**Data for this task:**
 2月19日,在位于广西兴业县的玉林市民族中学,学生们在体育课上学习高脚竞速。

==

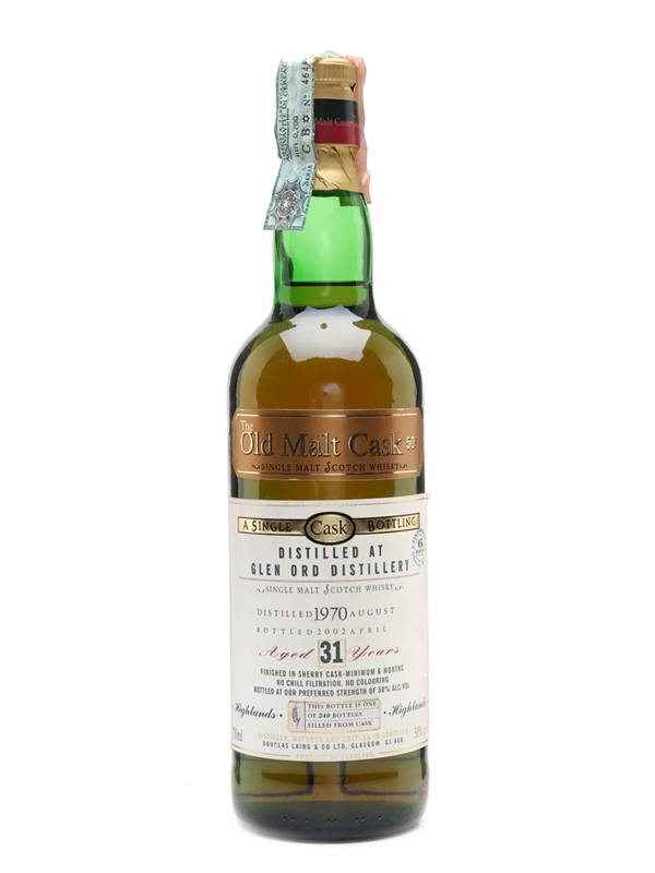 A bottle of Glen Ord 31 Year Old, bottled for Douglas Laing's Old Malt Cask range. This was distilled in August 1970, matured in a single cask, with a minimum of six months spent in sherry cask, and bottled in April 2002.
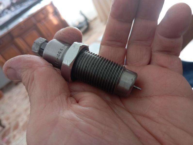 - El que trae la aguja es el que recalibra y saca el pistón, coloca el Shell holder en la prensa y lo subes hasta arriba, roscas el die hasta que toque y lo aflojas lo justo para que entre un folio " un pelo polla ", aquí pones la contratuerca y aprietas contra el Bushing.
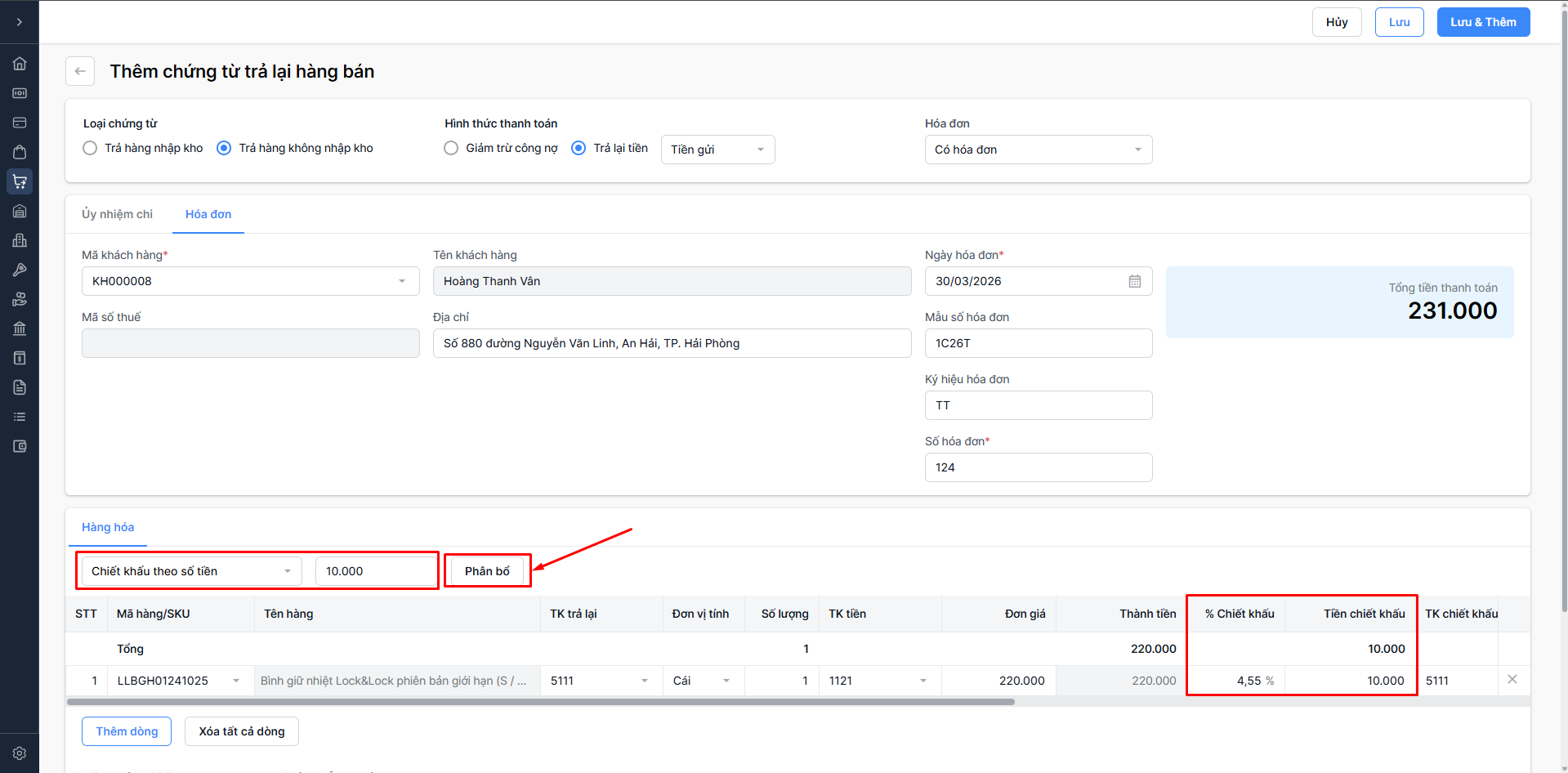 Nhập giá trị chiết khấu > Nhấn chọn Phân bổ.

* * *

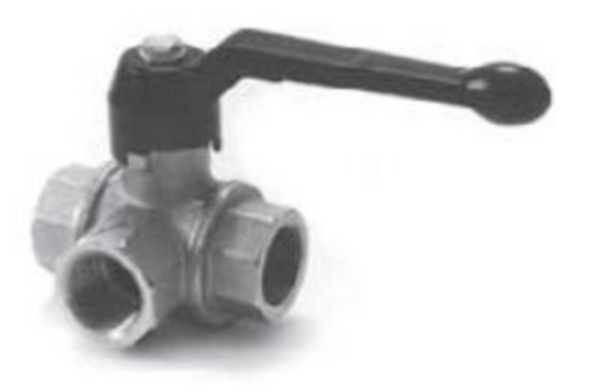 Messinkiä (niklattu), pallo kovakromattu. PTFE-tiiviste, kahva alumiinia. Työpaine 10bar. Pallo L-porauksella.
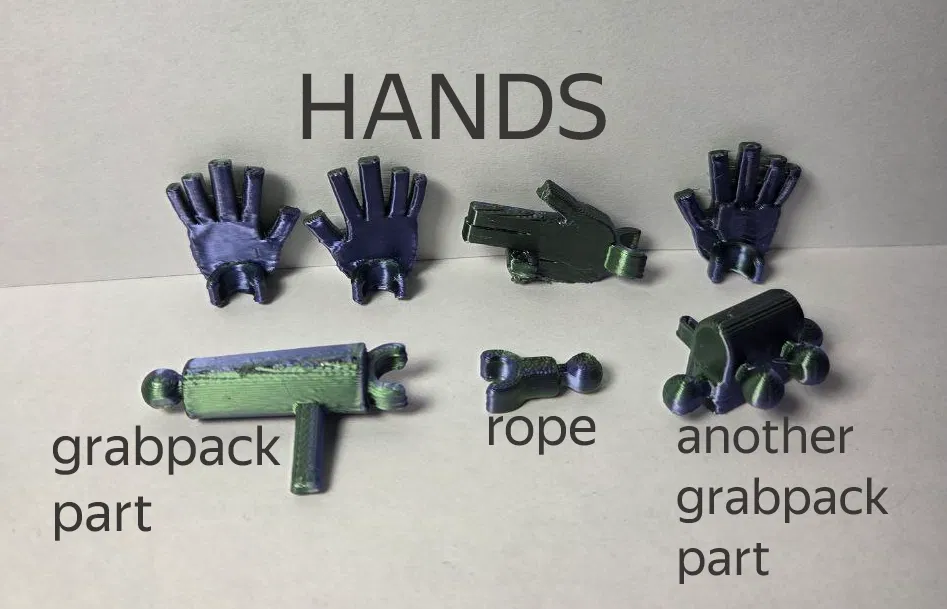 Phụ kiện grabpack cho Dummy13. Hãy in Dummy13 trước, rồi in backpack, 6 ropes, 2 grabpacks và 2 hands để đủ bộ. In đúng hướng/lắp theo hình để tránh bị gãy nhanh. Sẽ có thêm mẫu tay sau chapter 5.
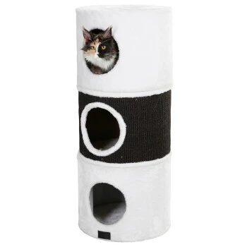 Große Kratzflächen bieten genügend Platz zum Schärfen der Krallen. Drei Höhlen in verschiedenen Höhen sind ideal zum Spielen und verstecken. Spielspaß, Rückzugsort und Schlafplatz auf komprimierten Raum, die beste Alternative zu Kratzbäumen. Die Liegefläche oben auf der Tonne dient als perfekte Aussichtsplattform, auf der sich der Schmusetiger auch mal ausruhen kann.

**Directions:** The answer is those lines of the material above that run from the one containing "A bottle of" up to and including the one containing "Nhập giá trị chiết khấu > Nhấn chọn Phân bổ.", restated exactly and without images.

**Output of the exercise:**
 A bottle of Glen Ord 31 Year Old, bottled for Douglas Laing's Old Malt Cask range. This was distilled in August 1970, matured in a single cask, with a minimum of six months spent in sherry cask, and bottled in April 2002.
 - El que trae la aguja es el que recalibra y saca el pistón, coloca el Shell holder en la prensa y lo subes hasta arriba, roscas el die hasta que toque y lo aflojas lo justo para que entre un folio " un pelo polla ", aquí pones la contratuerca y aprietas contra el Bushing.
 Nhập giá trị chiết khấu > Nhấn chọn Phân bổ.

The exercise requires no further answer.